Tirta juga menambahkan, OJK juga akan mendorong e-money untuk penggunaan di jalan tol, dapat digunakan tidak hanya oleh bank-bank yang kini sudah bekerjasama dengan penyedia jasa jalan tol. E-money dari bank lain ke depannya dapat juga digunakan di jalan tol, terlebih dengan sudah diterapkannya gerbang pembayaran nasional (National Payment Gateway/NPG) oleh Bank Indonesia.

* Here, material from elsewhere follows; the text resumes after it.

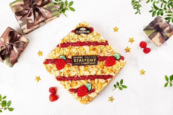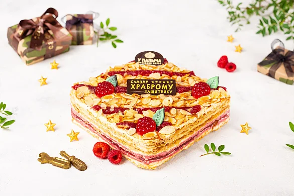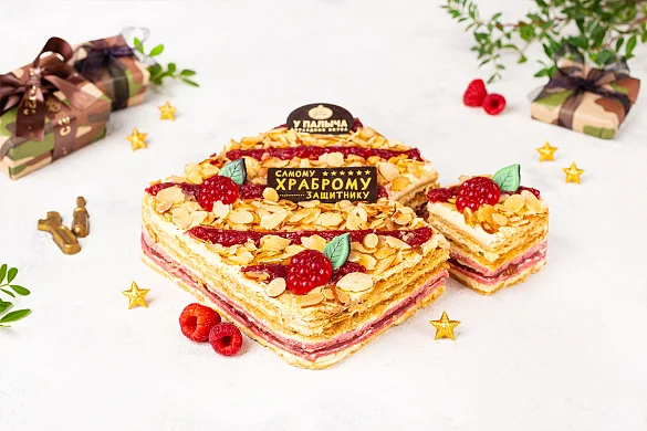 Тончайшие слоеные коржи и нежный бисквит, сливочно-заварной крем с итальянской меренгой, с вкуснейшей начинкой собственного производства из душистой лесной малины. Торт украшен миндальными лепестками, малиновым джемом и малинками из фруктового мармелада, а специально к празднику День Защитника Отечества на торте шоколадная табличка с праздничной надписью из лучшего темного шоколада. ***Поздравительная надпись на торте может отличаться, но обязательно будет праздничной.

"Kami menyambut baik telah diterapkannya NPG yang telah menerapkan interkoneksi dan interoparabilitas, jadi beberapa bank penerbit kartu bisa gunakan network yang sama. Sehingga masyarakat tidak perlu harus pindah bank untuk buka rekening baru lagi hanya untuk memenuhi penggunaan uang elektronik dari bank yang lain. Jadi OJK akan dorong ke arah sana," kata Tirta.

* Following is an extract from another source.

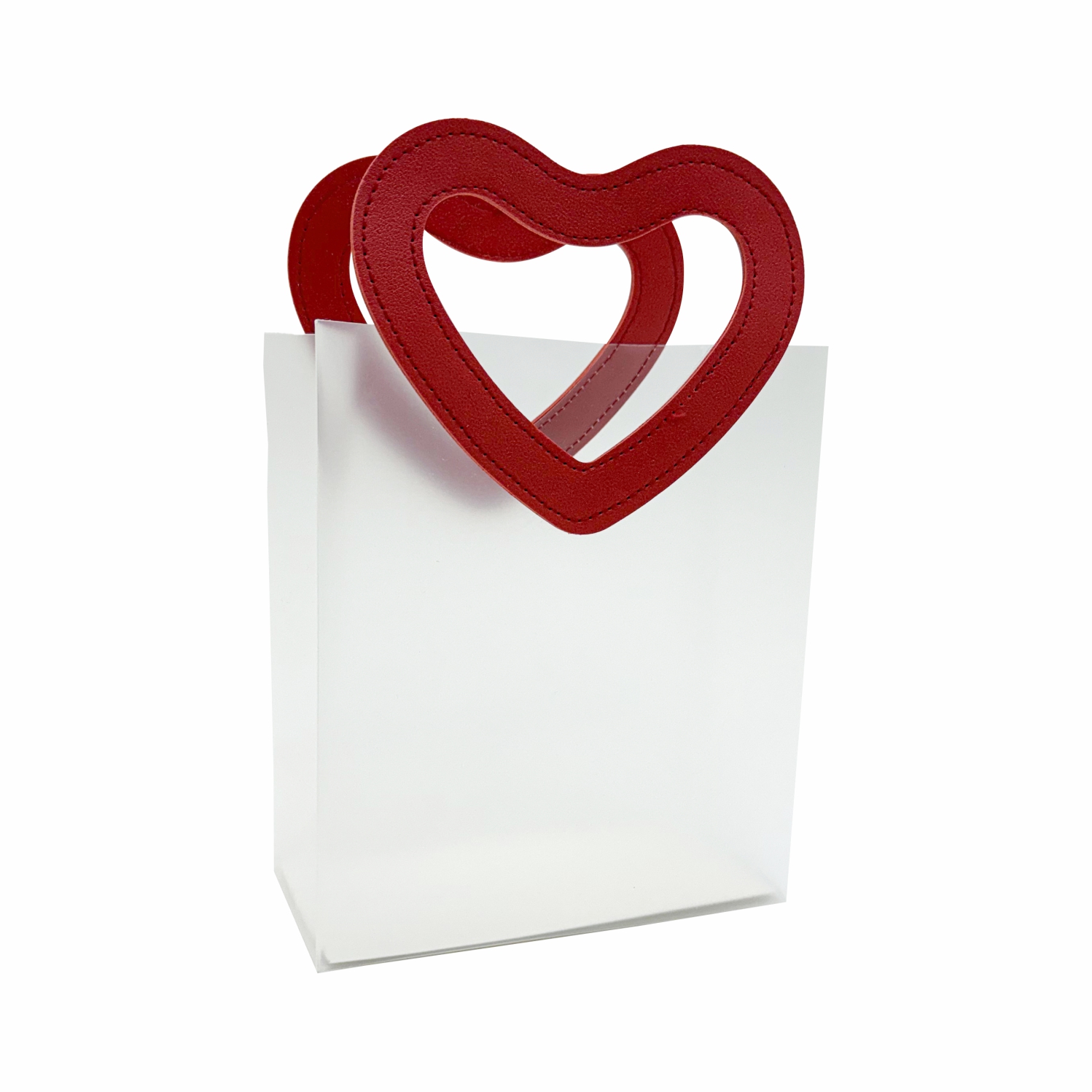 Sacola PVC Incolor C/Alça De Coração 18,5cmx16cmx8cm Incolor/Vermelho

Baca juga: Catat! OJK Siap 'Jewer' Bank yang Kenakan Biaya Isi E-Money Terlalu Besar
Pemerintah mencanangkan elektronifikasi jalan tol atau 100 persen pembayaran non tunai pada 31 Oktober 2017 mendatang dan hal tersebut membutuhkan komitmen perbankan dalam menjaga ketersediaan kartu uang elektronik serta komitmen Badan Usaha Jalan Tol (BUJT) dan perbankan dalam percepatan integrasi penerbit baru uang elektronik.
Sampai dengan 4 Oktober 2017 penetrasi penggunaan uang elektronik di jalan tol mencapai 72 persen. Dengan elektronifikasi jalan tol, layanan pembayaran di jalan tol menjadi lebih cepat, praktis dan nyaman sehingga dapat meningkatkan efisiensi dan kelancaran di jalan tol.